Palmer leads Cardinals past Bengals with late drive

*Carson Palmer led a late scoring drive to send the Cardinals (8-2) past Andy Dalton and the slumping Bengals (8-2), 34-31. *

  1. After a week of speculation and he-said, she-said over Carson Palmer's unceremonious departure from Cincinnati in 2011, the Cardinals quarterback finally stuck it to his former team -- it just took a while. Palmer got off to an uncharacteristically slow start, tossing two picks in the first quarter alone. However, he got going in the second quarter with a beautiful touchdown pass to Darren Fells and then continued to light up the Bengals' secondary in the second half en route to a 317-yard, four-touchdown performance.

To top it all off, Palmer led the Cardinals on a 70-yard game-winning drive in just 52 seconds after the Bengals tied the game late in the fourth quarter. Palmer connected with J.J. Nelson and Larry Fitzgerald twice in the span of 24 seconds on the perfectly-executed drill before Cardinals kicker Chandler Catanzaro nailed a 32-yarder at the buzzer.

Still going unrecognized in the MVP debate, Palmer now leads the league in touchdown passes (27) -- Tom Brady (24) looks to surge back ahead on Monday night -- and has moved the Cardinals against two dominant secondaries two weeks in a row. Try ignoring him now. Try.

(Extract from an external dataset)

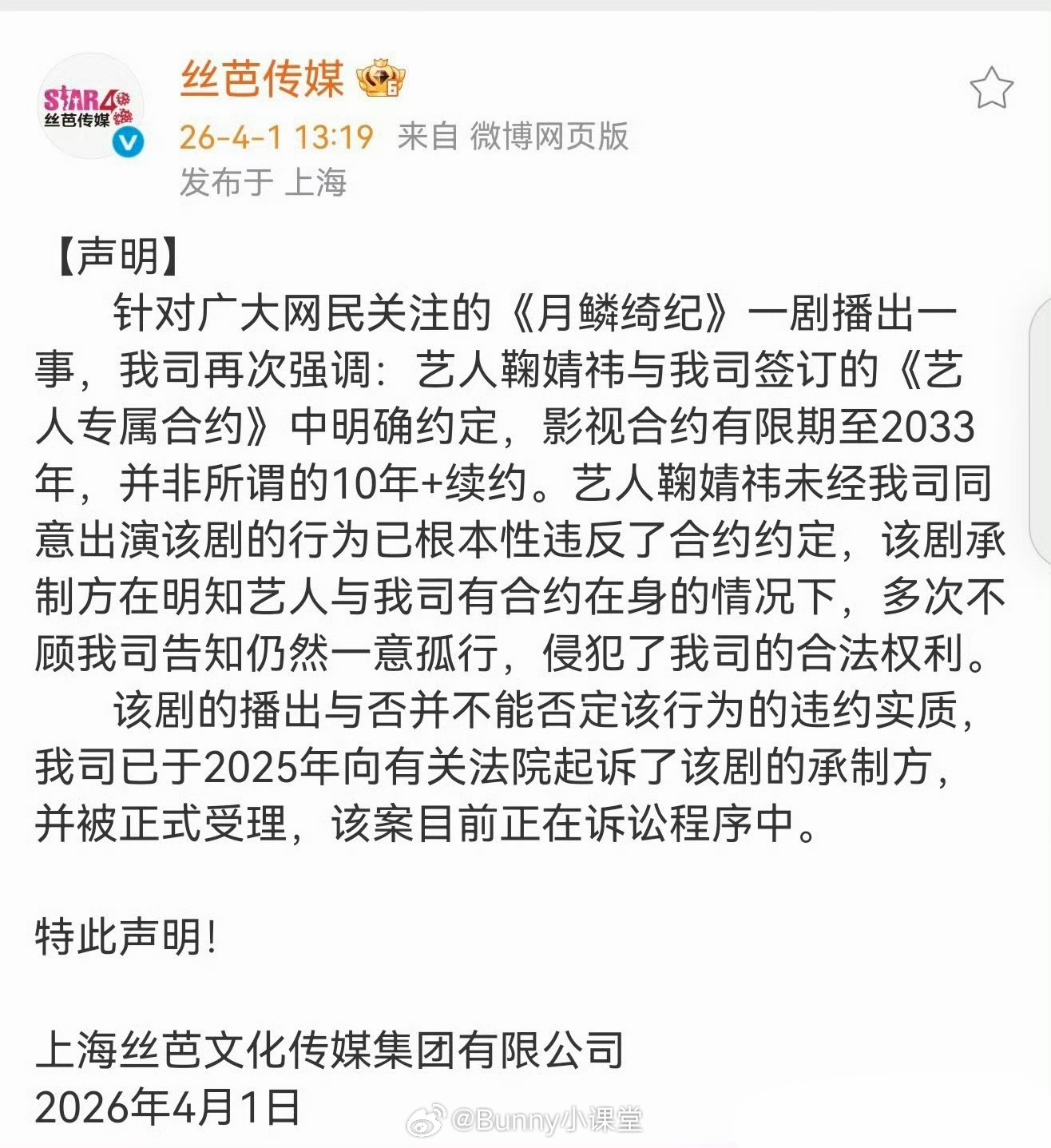 丝芭传媒发声明称已起诉月鳞绮纪剧方,并强调鞠婧祎与丝芭影视合约有限期至2033年,鞠婧祎未经公司同意出演该剧已违反约定。该剧承制方明知艺人有约的情况不听劝阻一意孤行,侵犯公司合法权益。现在这条声明又被秒删了…… 丝芭 月鳞绮纪

  1. Is it possible that 'Primetime' Andy Dalton is actually a flattering moniker? One week after being humbled by a stingy Texans secondary on Monday night, Dalton rebounded with a 315-yard, two-touchdown outing. He didn't throw an interception, and his lone fumble, allowed by a collapsing offensive line, resulted in just three Cardinals points. With A.J. Green locked up for much of the night, Dalton found success underneath with Giovani Bernard (8 rec, 128 yards). On Sunday night, the Bengals quarterback wasn't quite a Red Rifle, nor was he a Red Ryder BB gun. His new nickname is TBD, as is Cincinnati's fading home-field advantage.
  1. They say football's a game you have to play for sixty minutes, but one quarter nearly decided this matchup. After closing the first half with a go-ahead touchdown, the Bengals got the ball first in the third and had an opportunity to build on their own momentum, but Cincinnati's offense stalled. In three drives, Dalton led the Bengals to just one first down for -1 yards and three punts. On the other side of the ball, Arizona made adjustments and turned its three drives into 21 points and 195 yards, swinging the entire trajectory of the game.
  1. Tyler Eifert remains a Gronk-like presence in the red zone for the Bengals. The tight end reeled in two more touchdowns on the goal line -- Dalton's only two of the game -- and further established himself as a fantasy stud.
  1. Another season, another speedy Cardinals rookie wide receiver bursting onto the scene. With Fitzgerald and John Brown garnering attention from Cincinnati's tough corners, J.J. Nelson made a name for himself. Nelson caught four balls -- including one on the final drive -- for 142 yards and set the tone inthe second half with a 64-yard third-quarter touchdown grab. Nelson's emergence should scare secondaries around the league. The Cardinals just have too many weapons, even with Michael Floyd out, for most NFL defenses to contain.
  1. If it weren't for a controversial Bengals penalty, Catanzaro's 32-yard game-winning kick could have been less of a sure thing. NFL Media's Alex Flanagan reported after the game that Bengals defensive tackle Domata Peko's unsportsmanlike penalty in the game's final seconds was actually overdue. Cardinals guard Ted Larsen told Flanagan that Peko had been mimicking Palmer's signal-calling cadence throughout the entire game and he did so again on the play that caused Larsen to false start. For what it's worth, Bengals coach Marvin Lewis denied his team was mimicking cadence and called the penalty a phantom call.
  1. This well-contested game between certain playoff teams changed their postseason hopes and our perceptions of them very little. At 8-2, the Cardinals are still sitting pretty as the second seed in the NFC behind the undefeated Panthers and remain three games ahead of the Seahawks in the West. The 8-2 Bengals have lost two in a row, but still hold a two-game lead in the division. They are tied with the Brock Osweiler-led Broncos for the second seed in the AFC, but should pull away if the Broncos' offense continues to struggle.